During a general downturn in the financial markets, multiple asset classes may decline in value. When markets perform well, there can be no assurance that specific investments held by the Fund will rise in value.
Management Risk. The Fund is subject to management risk because it is an actively managed portfolio. In managing the Fund's portfolio holdings, Invesco Advisers, Inc, (the "Sub-Adviser") applies investment techniques and risk analyses in making investment decisions for the Fund, but there can be no guarantee that these actions will produce the desired results.
Fixed-Income Securities Risk. Fixed-income securities are subject to interest rate risk and credit risk. Interest rate risk refers to fluctuations in the value of a fixed-income security resulting from changes in the general level of interest rates. When the general level of interest rates goes up, the prices of most fixed-income securities go down.

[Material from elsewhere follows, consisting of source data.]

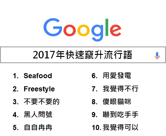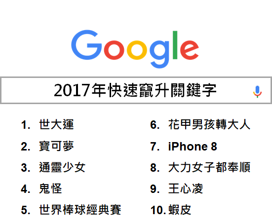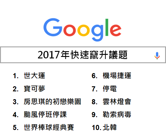 從今年快速竄升關鍵字總榜單可以看到,運動賽事是 2017 年大家最關注的焦點之一,「世大運」、「世界棒球經典賽」的搜尋量快速攀升,分占排行榜第一名與第五名。其中「世大運」主場在台灣,激發了國人愛台灣的凝聚力與向心力,更引發網友們對賽事、選手相關資訊的熱切搜尋,一舉奪下今年快速竄升關鍵字第一名。另外,台灣今年產出相當多本土優質戲劇,以仙姑索非亞的真實故事改編的「通靈少女」,及改編自楊富閔作家原著小說的「花甲男孩轉大人」,也成為台灣網友搜尋的一大重點。
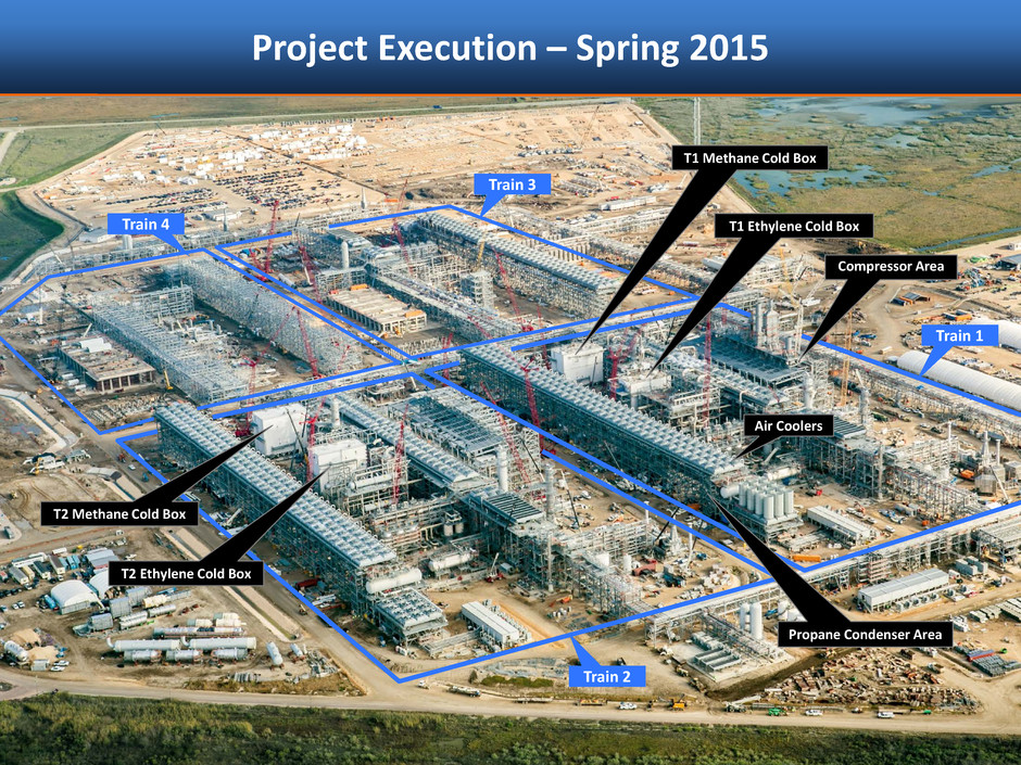 Project Execution – Spring 2015 Train 1 Train 2 Train 3 Train 4 Air Coolers Compressor Area Propane Condenser Area T1 Ethylene Cold Box T1 Methane Cold Box T2 Ethylene Cold Box T2 Methane Cold Box
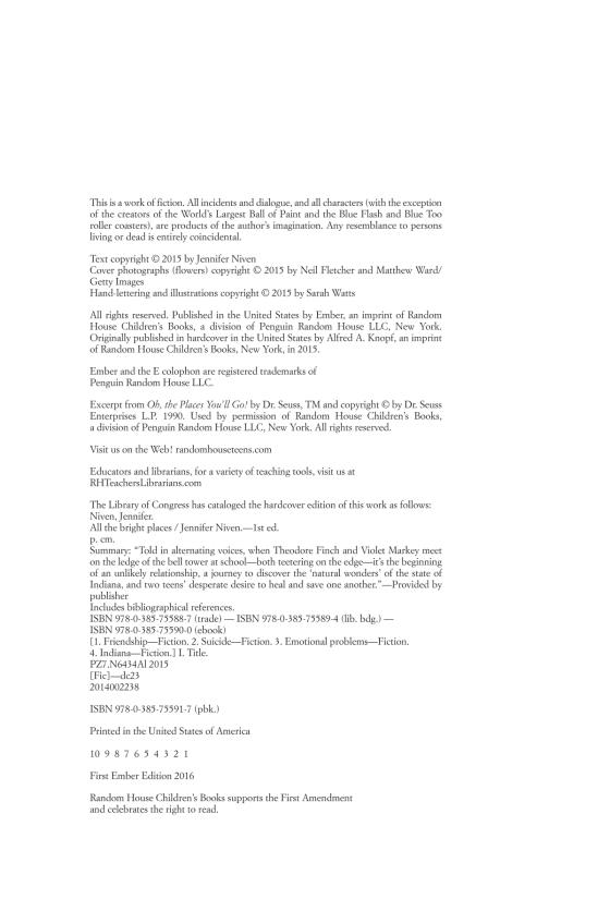 Theodore Finch is fascinated by death. Every day he thinks of ways he might kill himself, but every day he also searches for—and manages to find—
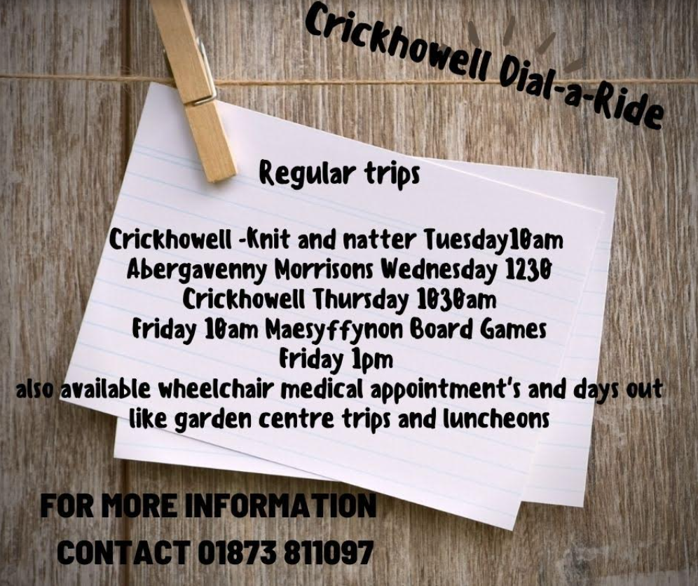 We are a registered charity, members’ only organisation that costs just £12 a year for people over 60 . Crickhowell is a volunteer run service.

When the general level of interest rates goes down, the prices of most fixed-income securities go up. Fixed-income securities with longer maturities typically are more sensitive to changes in interest rates, making them more volatile than securities with shorter maturities. Credit risk refers to the possibility that the issuer of a security will be unable and/or unwilling to make timely interest payments and/or repay the principal on its debt. Debt instruments are subject to varying degrees of credit risk, which may be reflected in credit ratings.
There is a possibility that the credit rating of a fixed-income security may be downgraded after purchase, which may occur quickly and without advance warning following sudden market downturns or unexpected developments involving an issuer, and which may adversely affect the liquidity and value of the security.
Changing Fixed Income Market Conditions Risk. Increases in the federal funds and equivalent foreign rates or other changes to monetary policy or regulatory actions may expose fixed income markets to heightened volatility, perhaps suddenly and to a significant degree, and to reduced liquidity for certain fixed income investments, particularly those with longer maturities. Such changes and resulting increased volatility may adversely impact the Fund, including its operations, universe of potential investment options, and return potential. It is difficult to predict the impact of interest rate changes on various markets. In addition, decreases in fixed income dealer market-making capacity may also potentially lead to heightened volatility and reduced liquidity in the fixed income markets. As a result, the value of the Fund's investments and share price may decline. Changes in central bank policies and other governmental actions and political events within the U.S. and abroad may also, among other things, affect investor and consumer expectations and confidence in the financial markets, which could result in higher than normal redemptions by APs (as defined herein), which could potentially increase the Fund's portfolio turnover rate and transaction costs.
Mortgage-Backed and Asset-Backed Securities Risk. The Fund invests in mortgage- and asset-backed securities, which are subject to call (prepayment) risk, reinvestment risk and extension risk. In addition, these securities are susceptible to an unexpectedly high rate of defaults on the mortgages held by a mortgage pool, which may adversely affect their value. The risk of such defaults depends on the quality of the mortgages underlying such security, the credit quality of its issuer or guarantor, and the nature and structure of its credit support. For example, the risk of default generally is higher in the case of mortgage pools that include subprime mortgages, which are loans made to borrowers with weakened credit histories or with lower capacity to make timely mortgage payments.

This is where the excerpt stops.